§ What is required: What is needed is an exact reproduction of the lines from the one that contains "Owhyee Blue Opal" through the end of the data, both included and nothing else, with pictures omitted.

§ Collected material:
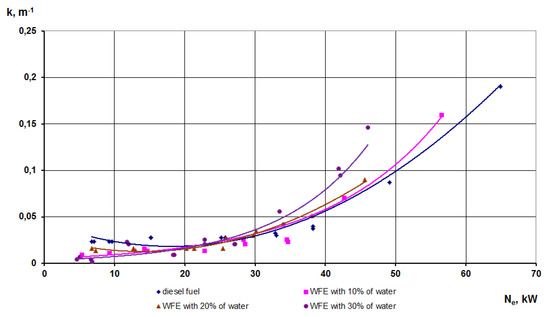 - At low loads, smoke concentrations in exhaust gases varied slightly, depending on the water quantity in the emulsion, and, at high loads, smoke concentration increased. For diesel fuel, the level of 0.19 m−1 was determined at Ne = 65 kW; for the emulsion with 10% water—0.16 m−1 at 57 kW; for the emulsion with 20% water—0.09 m−1 at 46 kW; for the emulsion with 30% water—0.15 m−1 at 46 kW.
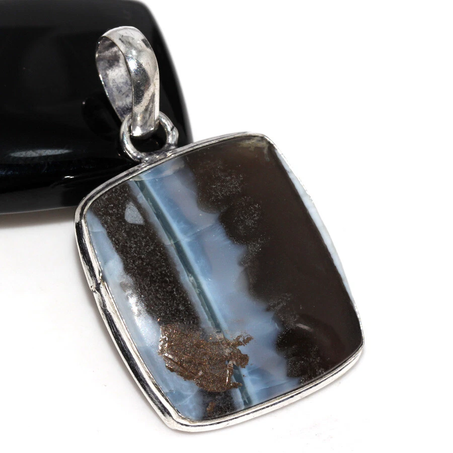Owhyee Blue Opal 925 Silver Plated Gemstone Pendant 1.7" Gifts Jewelry JW
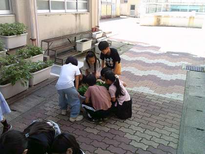 理科の学習で、モンシロチョウの卵を探しました。

§ Task response:
Owhyee Blue Opal 925 Silver Plated Gemstone Pendant 1.7" Gifts Jewelry JW
 理科の学習で、モンシロチョウの卵を探しました。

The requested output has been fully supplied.